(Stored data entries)

<<<<

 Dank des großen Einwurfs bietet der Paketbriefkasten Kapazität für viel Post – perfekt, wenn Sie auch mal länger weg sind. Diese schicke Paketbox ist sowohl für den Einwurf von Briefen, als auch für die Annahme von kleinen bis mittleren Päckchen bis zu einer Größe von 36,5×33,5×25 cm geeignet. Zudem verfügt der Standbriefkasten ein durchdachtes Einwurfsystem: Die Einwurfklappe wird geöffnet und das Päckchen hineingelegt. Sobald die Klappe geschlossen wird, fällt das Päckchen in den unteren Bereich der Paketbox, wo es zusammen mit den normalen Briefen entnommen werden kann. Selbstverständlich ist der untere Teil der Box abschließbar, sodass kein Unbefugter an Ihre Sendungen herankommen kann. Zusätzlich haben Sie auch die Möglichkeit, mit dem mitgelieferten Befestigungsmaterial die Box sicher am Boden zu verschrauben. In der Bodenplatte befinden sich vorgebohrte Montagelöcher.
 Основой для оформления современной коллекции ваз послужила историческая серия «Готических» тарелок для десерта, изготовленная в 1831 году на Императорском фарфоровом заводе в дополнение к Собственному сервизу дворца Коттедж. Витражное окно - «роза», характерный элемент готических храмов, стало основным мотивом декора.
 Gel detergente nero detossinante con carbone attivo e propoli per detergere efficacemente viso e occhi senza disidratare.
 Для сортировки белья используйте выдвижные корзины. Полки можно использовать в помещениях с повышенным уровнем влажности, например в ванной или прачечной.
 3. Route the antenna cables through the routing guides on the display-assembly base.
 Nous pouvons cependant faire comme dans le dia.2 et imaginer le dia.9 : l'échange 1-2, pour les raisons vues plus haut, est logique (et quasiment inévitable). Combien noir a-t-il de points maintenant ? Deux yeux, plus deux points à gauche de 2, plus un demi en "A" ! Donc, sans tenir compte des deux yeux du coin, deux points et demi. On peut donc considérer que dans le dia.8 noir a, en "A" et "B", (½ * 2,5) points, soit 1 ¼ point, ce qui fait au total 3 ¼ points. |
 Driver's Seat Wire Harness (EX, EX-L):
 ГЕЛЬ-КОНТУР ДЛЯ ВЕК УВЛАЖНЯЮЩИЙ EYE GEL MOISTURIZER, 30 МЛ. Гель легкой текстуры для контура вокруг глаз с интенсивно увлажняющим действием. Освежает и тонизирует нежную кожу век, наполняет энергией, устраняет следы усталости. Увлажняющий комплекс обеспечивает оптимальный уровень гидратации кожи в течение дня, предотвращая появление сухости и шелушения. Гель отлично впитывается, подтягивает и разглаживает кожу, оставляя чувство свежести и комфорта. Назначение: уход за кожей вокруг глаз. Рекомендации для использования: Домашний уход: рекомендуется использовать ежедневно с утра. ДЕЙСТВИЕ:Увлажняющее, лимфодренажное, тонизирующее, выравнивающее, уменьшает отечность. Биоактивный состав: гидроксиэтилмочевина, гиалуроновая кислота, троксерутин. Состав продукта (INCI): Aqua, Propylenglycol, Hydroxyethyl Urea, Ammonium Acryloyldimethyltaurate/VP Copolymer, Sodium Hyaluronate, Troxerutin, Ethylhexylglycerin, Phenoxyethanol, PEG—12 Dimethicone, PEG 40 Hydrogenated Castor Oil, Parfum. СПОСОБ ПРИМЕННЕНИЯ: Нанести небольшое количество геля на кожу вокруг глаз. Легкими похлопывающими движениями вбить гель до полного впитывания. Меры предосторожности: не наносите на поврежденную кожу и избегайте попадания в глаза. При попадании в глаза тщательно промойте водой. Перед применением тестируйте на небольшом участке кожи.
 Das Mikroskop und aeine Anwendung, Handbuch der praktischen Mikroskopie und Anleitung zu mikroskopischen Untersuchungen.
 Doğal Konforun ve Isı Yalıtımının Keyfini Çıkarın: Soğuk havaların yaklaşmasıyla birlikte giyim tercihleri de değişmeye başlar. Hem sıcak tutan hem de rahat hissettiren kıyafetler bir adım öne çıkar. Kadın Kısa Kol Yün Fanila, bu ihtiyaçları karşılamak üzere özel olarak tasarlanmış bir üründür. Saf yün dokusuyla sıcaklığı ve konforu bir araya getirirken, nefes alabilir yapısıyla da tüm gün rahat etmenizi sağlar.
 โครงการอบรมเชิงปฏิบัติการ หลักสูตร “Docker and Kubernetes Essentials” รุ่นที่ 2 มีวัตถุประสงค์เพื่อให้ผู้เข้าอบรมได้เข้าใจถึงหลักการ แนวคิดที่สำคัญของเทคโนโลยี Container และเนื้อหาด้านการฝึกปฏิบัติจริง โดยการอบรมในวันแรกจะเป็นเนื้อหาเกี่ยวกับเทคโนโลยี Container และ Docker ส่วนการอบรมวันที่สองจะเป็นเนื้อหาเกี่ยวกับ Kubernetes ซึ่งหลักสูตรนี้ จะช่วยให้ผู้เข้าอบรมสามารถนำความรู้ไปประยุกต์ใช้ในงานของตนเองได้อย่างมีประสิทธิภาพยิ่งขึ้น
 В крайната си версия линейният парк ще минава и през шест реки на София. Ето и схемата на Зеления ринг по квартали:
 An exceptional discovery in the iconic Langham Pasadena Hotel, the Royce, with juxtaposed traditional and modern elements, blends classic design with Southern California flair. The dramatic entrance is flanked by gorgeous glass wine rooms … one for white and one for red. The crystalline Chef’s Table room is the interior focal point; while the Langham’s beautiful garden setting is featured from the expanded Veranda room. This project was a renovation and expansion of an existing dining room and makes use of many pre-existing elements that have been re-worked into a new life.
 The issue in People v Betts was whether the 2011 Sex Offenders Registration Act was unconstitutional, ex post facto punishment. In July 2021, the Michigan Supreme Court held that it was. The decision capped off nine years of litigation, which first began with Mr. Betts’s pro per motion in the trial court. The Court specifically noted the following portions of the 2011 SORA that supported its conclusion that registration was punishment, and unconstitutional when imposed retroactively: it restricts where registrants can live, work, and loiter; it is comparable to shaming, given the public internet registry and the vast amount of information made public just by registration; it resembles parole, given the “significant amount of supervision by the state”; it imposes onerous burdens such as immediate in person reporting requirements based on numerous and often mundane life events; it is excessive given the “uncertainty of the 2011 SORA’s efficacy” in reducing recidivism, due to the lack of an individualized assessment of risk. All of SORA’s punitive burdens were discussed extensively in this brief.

>>>>

TRY IT
Both end lines included, restate word for word the lines above from the line with "3. Route the" to the line with "Driver's Seat Wire", and nothing else.

RESPONSE FOR THIS EXERCISE
 3. Route the antenna cables through the routing guides on the display-assembly base.
 Nous pouvons cependant faire comme dans le dia.2 et imaginer le dia.9 : l'échange 1-2, pour les raisons vues plus haut, est logique (et quasiment inévitable). Combien noir a-t-il de points maintenant ? Deux yeux, plus deux points à gauche de 2, plus un demi en "A" ! Donc, sans tenir compte des deux yeux du coin, deux points et demi. On peut donc considérer que dans le dia.8 noir a, en "A" et "B", (½ * 2,5) points, soit 1 ¼ point, ce qui fait au total 3 ¼ points. |
 Driver's Seat Wire Harness (EX, EX-L):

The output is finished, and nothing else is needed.